12 Beware, brethren, lest there be in any of you an evil heart of unbelief in departing from the living God; 13 but exhort one another daily, while it is called “Today,” lest any of you be hardened through the deceitfulness of sin. 14 For we have become partakers of Christ if we hold the beginning of our confidence steadfast to the end, 15 while it is said:

“Today, if you will hear His voice,Do not harden you hearts as in the rebellion.”

Hebrews 3:7-15
And again, St. Paul in his first letter to the Corinthian church writes to them,
We then, as workers together with Him also plead with you not to receive the grace of God in vain.2 For He says:

“In an acceptable time I have heard you,And in the day of salvation I have helped you.”Behold, now is the accepted time; behold, now is the day of salvation. 
I Corinthians 6:1-2
In a little book that has become a favorite of mine, The Way of the Ascetic, Tito Colliander, echoing the voice of the fathers and the Scriptures, begins the first chapter saying,
“If you wish to save your soul and win eternal life,arise from your lethargy, make the sign of the cross and say: In the Name of the Father and of the Son and of the Holy Spirit. Amen.
Arise from your lethargy. He means by this that we should not delay for a moment. He goes on to say,
“Arise, then: but do so at once, without delay. Do not defer your purpose till ‘tonight’ or ‘tomorrow’ or ‘later, when I have finished what I have to do just now.’ The interval may be fatal.”
I think, though, that one reason we have this impulse to delay is because perhaps we have already failed so many times in the past to make good on our resolution. Perhaps for a while we do okay, but eventually we are worn down and give in. Consequently, though we know we need to make a change, we lack the courage. There is something about tomorrow that promises to impart to us the courage needed, so we set a date and hope that when it arrives we are really ready to make a go of it.

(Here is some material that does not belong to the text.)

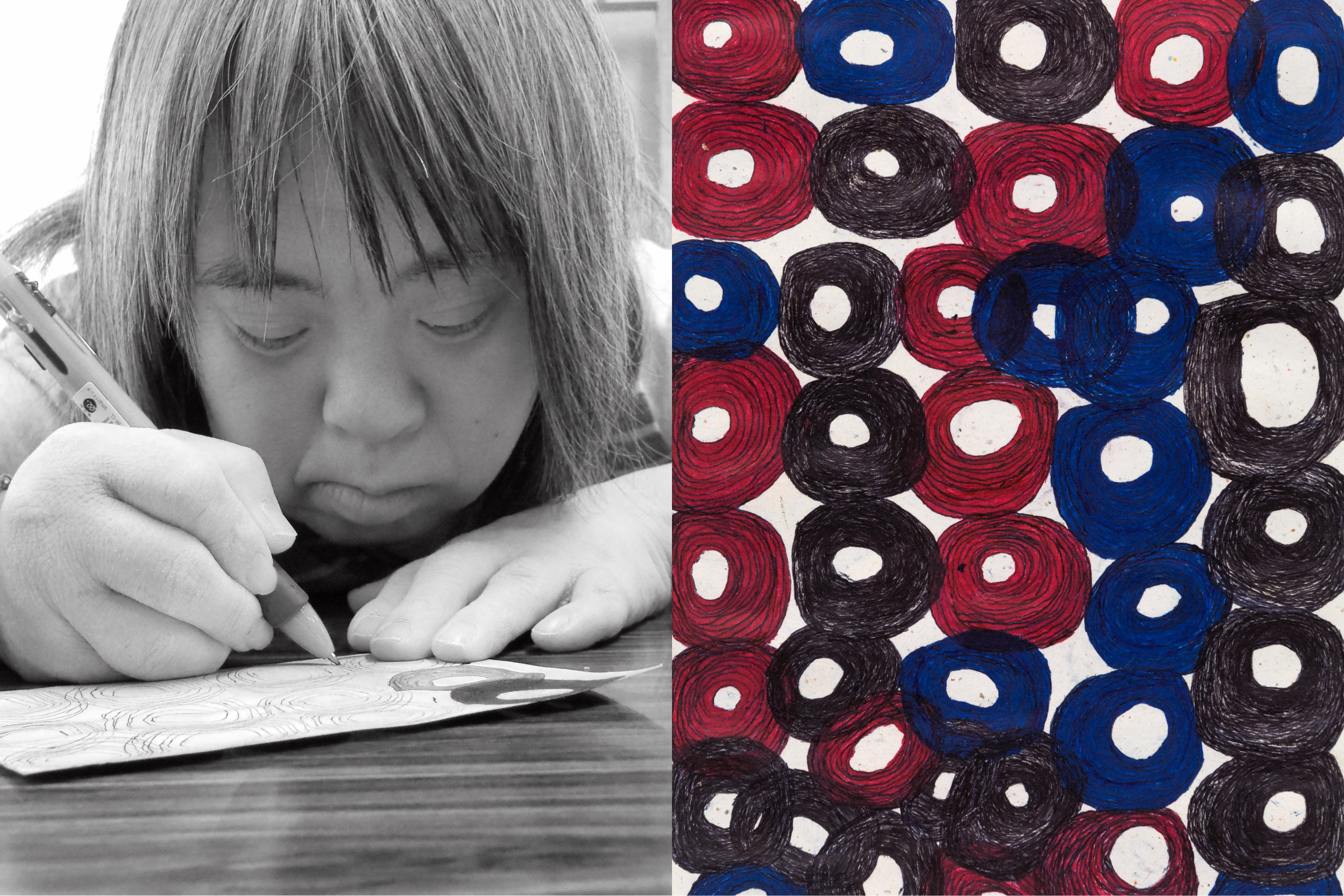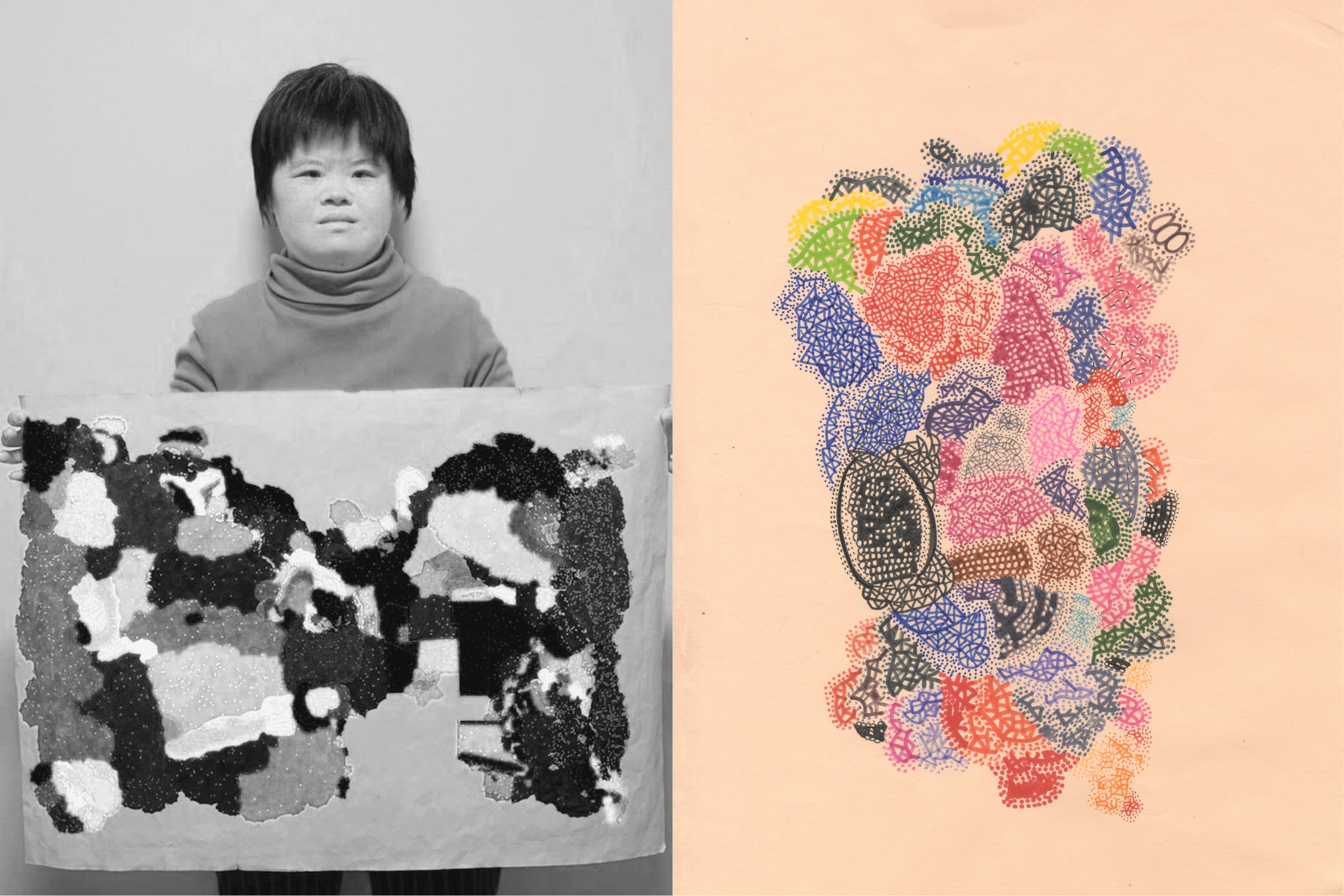 幼い頃から、机に向い集中して手指を動かす作業が好きで、モンテッソーリ教室に楽しく通っていた。折り紙が得意なところを見込まれて、ホテルでナプキン等のリネンを畳む仕事に就き、余暇として習字やリリアン、編み物をしながら過ごしていた。そんな中、ある日突然急性水腫を発症し、一時は失明も危惧されたが奇跡的に回復し、コンタクト治療によって視力を矯正できた後から、自ら手持ちの水性ペンで大胆に細やかな線画を描き始めた。彼女の作品の特徴は、独特の色彩感覚でコツコツとちいさなマルやセルを繋げ、好きなモノや想いを描く。当初は、モノクロの作品を描いていたが、次第にたくさんの色を持ち、形を変え、欠片は増殖していき徐々に現在の作風が確立されていった。高校卒業時の色紙に彼女が記した座右の銘は、「人生予期しないことが起こるからおもしろい」。現在は、作業所に通いながら、家族と夕食を囲んだ後のテーブルで、のんびりと創作活動を楽しむ毎日を過ごす。

St. Anthony also suggests that one reason we don’t succeed is that we are perhaps a little haphazard in our approach. Change cannot happen except through particulars. The enemy loves for us to think in the abstract about the spiritual life.
Modern psychologist, self help gurus and preachers alike will tell you that it’s almost impossible to just stop doing some bad habit. Neuroscience teaches us that those patterns of behavior are not just moral but are,in fact, actually hardwired into our brains and that like well worn pathways through a forest it is easiest for us to follow those paths than to forge new ones. So to stop a bad habit you must replace the behavior and not just stop it. The fathers have known this all along.

So, St. Anthony tells us we must be deliberate about what virtues to cultivate and how. The desert fathers tell us that each vice has it’s counter virtue. If you are struggling with anger then work to cultivate mercy. If despair then cultivate thankfulness. The point is you must be deliberate.

As you remember St. Anthony today and celebrate his feast, consider your own life and listen to what he tells us. Talk to your spiritual father, priest, or confessor about your struggles and find out what virtue may be most beneficial to work on. Consider the triggers for that sinful habit you wish to defeat, and by God’s grace begin to attach those triggers instead to their counter-virtue. Be deliberate, and when you fall, don’t wait: get up, make the sign of the cross, and begin again.

O Christ, grant us victory over the enemy and grant that today we may enter your rest.